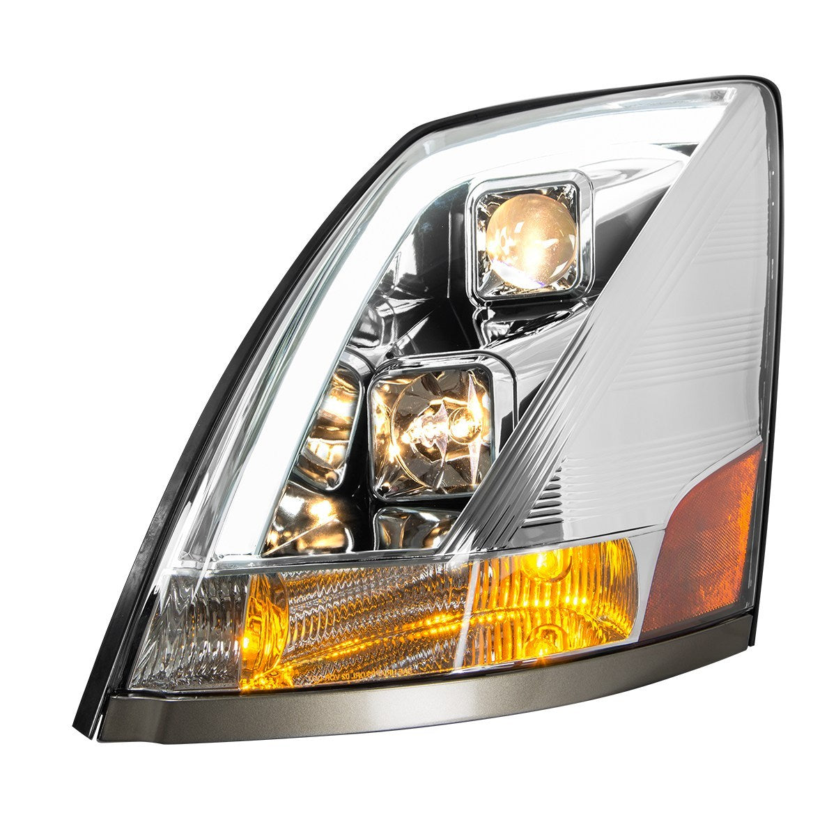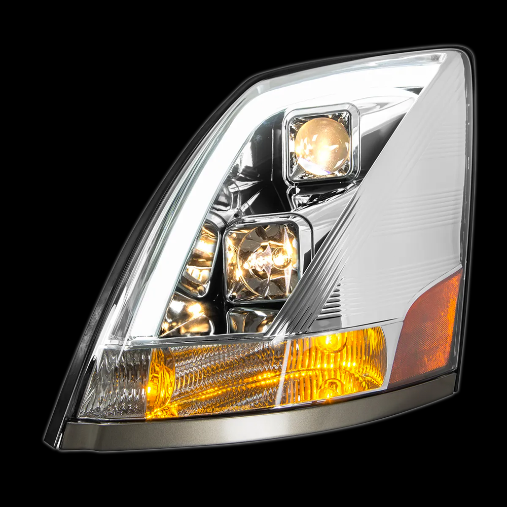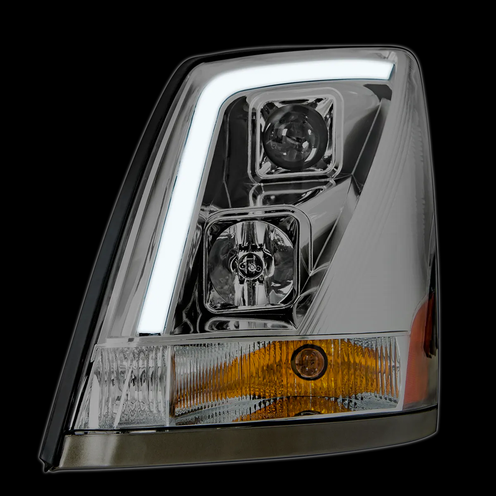 Volvo VN/VNL Chrome Projector Headlight W/White High Power LED Poisition/Daytime Running Light - Driver
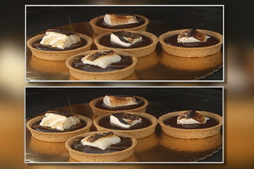 Pour the ganache into the prepared tart shells and garnish with marshmallows.
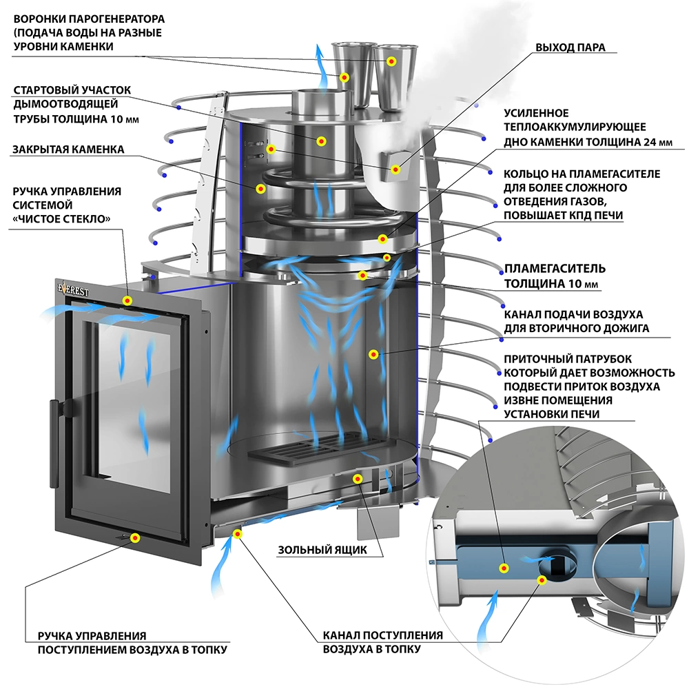 У печи Эверест Steam Heat 24 inox б/в две воронки для воды. И это не просто удобство.

→ Exercise requirements:
Could you reproduce the data above exactly, without its pictures?

→ Answer space:
 Volvo VN/VNL Chrome Projector Headlight W/White High Power LED Poisition/Daytime Running Light - Driver
 Pour the ganache into the prepared tart shells and garnish with marshmallows.
 У печи Эверест Steam Heat 24 inox б/в две воронки для воды. И это не просто удобство.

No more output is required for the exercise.